My dear brothers, take note of this: Everyone should be quick to listen, slow to speak and slow to become angry, for man’s anger does not bring about the righteous life that God desires. ~ James 1:19-20
This is my prayer for me. This is what I’m asking you, my brothers and sisters in Christ, to stand in agreement with me on, that is, keeping my trap shut; it’s what I really suck at. I continually tell my daughter not to say anything if she doesn’t have anything nice to say but find that I don’t really practice what I preach. I am sometimes (or maybe even more often than I recognize) callous with people, including my own family. There have been several occasions in the last couple of weeks that have brought me to this realization. I detest this about me, or more importantly, detest how it likely makes people feel; I am sick of myself and need a change!
Don’t get me wrong, in spite of myself, I’m still a “success” by most people’s standards.
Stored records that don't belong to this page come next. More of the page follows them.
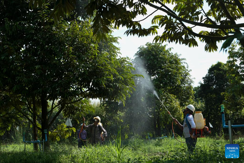 Workers operate at a durian orchard on the outskirts of Yangon, Myanmar, Nov. 15, 2025.(Xinhua/Myo Kyaw Soe)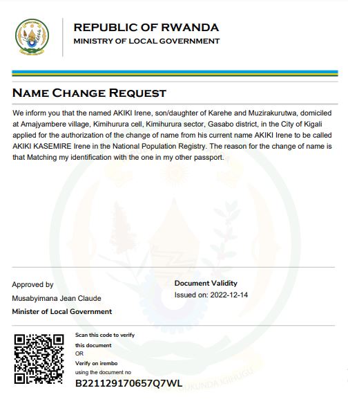 Uwitwa AKIKI Irene yasabye guhindura amazina mu buryo bwemewe n’amategeko akitwa AKIKI KASEMIRE Irene mu bitabo by’irangamimerere.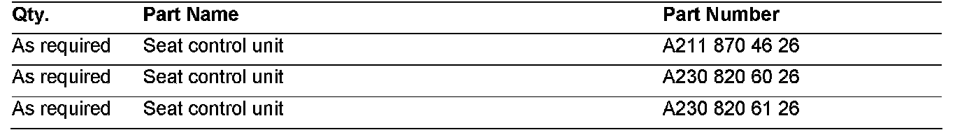 If you receive customer reports in the above model vehicles regarding the easy entry/exit feature for the seat position not functioning, this may be due to prior replacement of the instrument cluster (A1) on vehicles up to production date 06/01/2005. This can be corrected by installing one of the following seat ECU (N32/1 or N32/2) part numbers and programming the ECU with SDS release 09/06 or newer.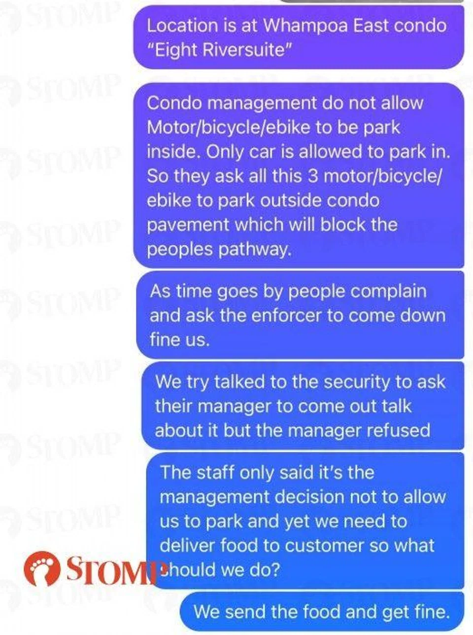The Stomper also shared a screenshot of messages about the incident, which said: "Condo management does not allow motor/bicycle/e-bike to be parked inside. Only cars are allowed to park inside. So they asked all these motor/bicycle/e-bike to park outside the condo on the pavement which will block the people's pathway.
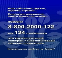 8-800-2000-122 (или 124 с мобильного) — круглосуточная психологическая помощь для подростков,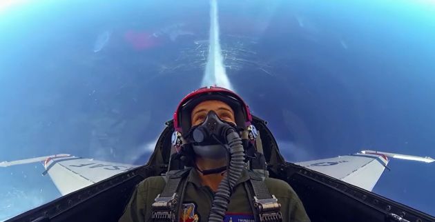 Ο φωτογράφος Μπλερ Bunting απολαμβάνει μια βόλτα στο πίσω κάθισμα ενός F-16 της Air Force Thunderbirds στις ΗΠΑ για πρώτη φορά…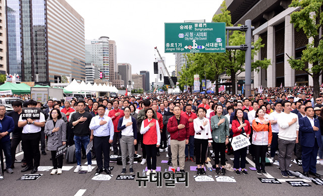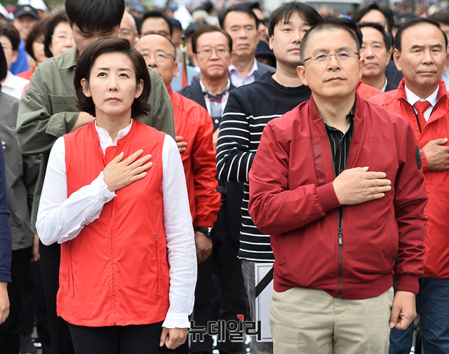 황교안 자유한국당 대표, 나경원 원내대표와 참가자들이 21일 오후 서울 광화문광장에서 열린 '文정권 헌정유린 중단과 위선자 조국파면' 촉구 대회에 앞서 국민의례를 하고 있다.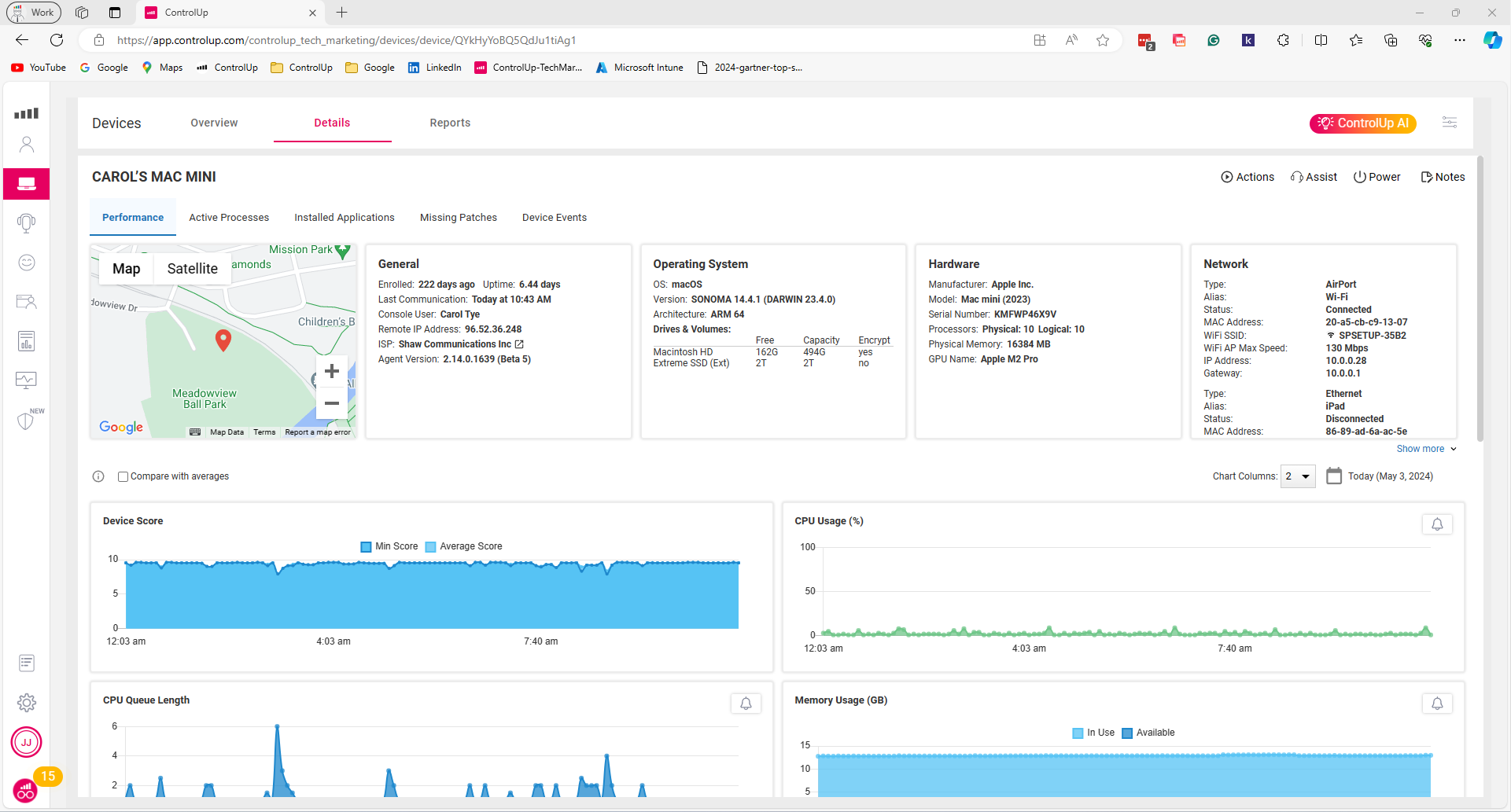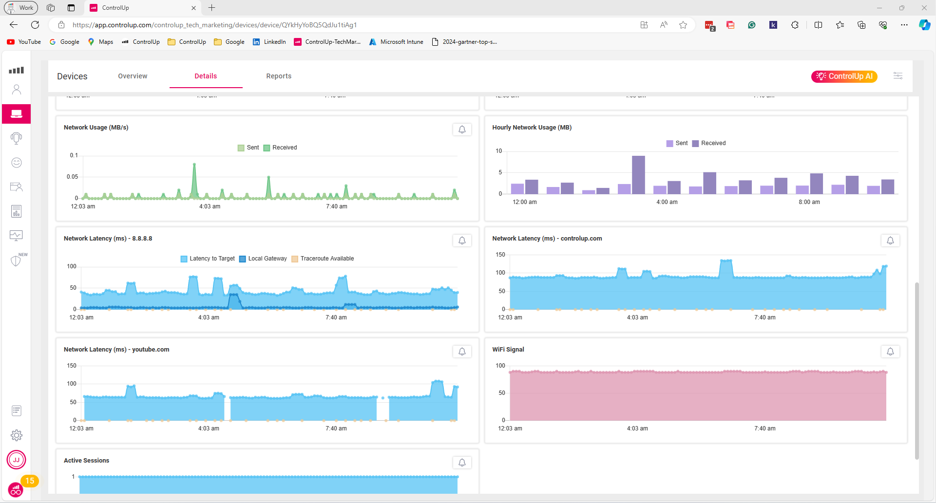 As shown below, ControlUp captures Network Usage, Latency, and Wi-Fi Signal strength.

I still have friends (that aren’t necessarily like me), I develop great rapport with my patients, I am a trusted and respected team member at work and church, my wife and daughter love me anyway, and most of my family still speak to me. But is it because they have learned to overlook that about me? And how many people have I hurt in the process of “being myself?” Would I even like me if I was my own best friend?
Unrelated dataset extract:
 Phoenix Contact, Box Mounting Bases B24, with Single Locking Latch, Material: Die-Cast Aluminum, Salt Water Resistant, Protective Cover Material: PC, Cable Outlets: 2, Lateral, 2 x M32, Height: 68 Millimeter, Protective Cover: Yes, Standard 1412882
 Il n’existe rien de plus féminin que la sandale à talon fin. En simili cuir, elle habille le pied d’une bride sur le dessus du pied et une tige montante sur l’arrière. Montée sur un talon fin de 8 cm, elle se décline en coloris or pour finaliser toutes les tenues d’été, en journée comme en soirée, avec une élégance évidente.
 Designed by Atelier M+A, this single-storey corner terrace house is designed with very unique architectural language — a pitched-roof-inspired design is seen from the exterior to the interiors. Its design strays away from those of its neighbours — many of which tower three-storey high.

When used with discretion, being direct with people can be a good quality. That’s just not me though––I‘m abrasive instead of assertive, my comments can be hurtful rather than helpful. When I look back over the years, I think I’ve been (and am) a real horse’s rear at times. You may not see it (thank goodness) but that’s because writing is a little different. I have time to formulate my thoughts, proofread what I’ve written, and hold it to rigorous standards. That’s exactly the kind of model that I need to apply to the words I speak. Easier said than done.
Like the praise song, please pray that the Lord would change my heart to demonstrate the righteous life of God that is within me. That He would give me the discipline and ability to be quick to listen, slow to speak, and slow to anger, saying only what is helpful for building others up according to their needs and benefiting those who listen (Ephesians 4:29).
That’s the “speck in my eye” right now. Do you have a vice or shortcoming for which we can stand in prayer together?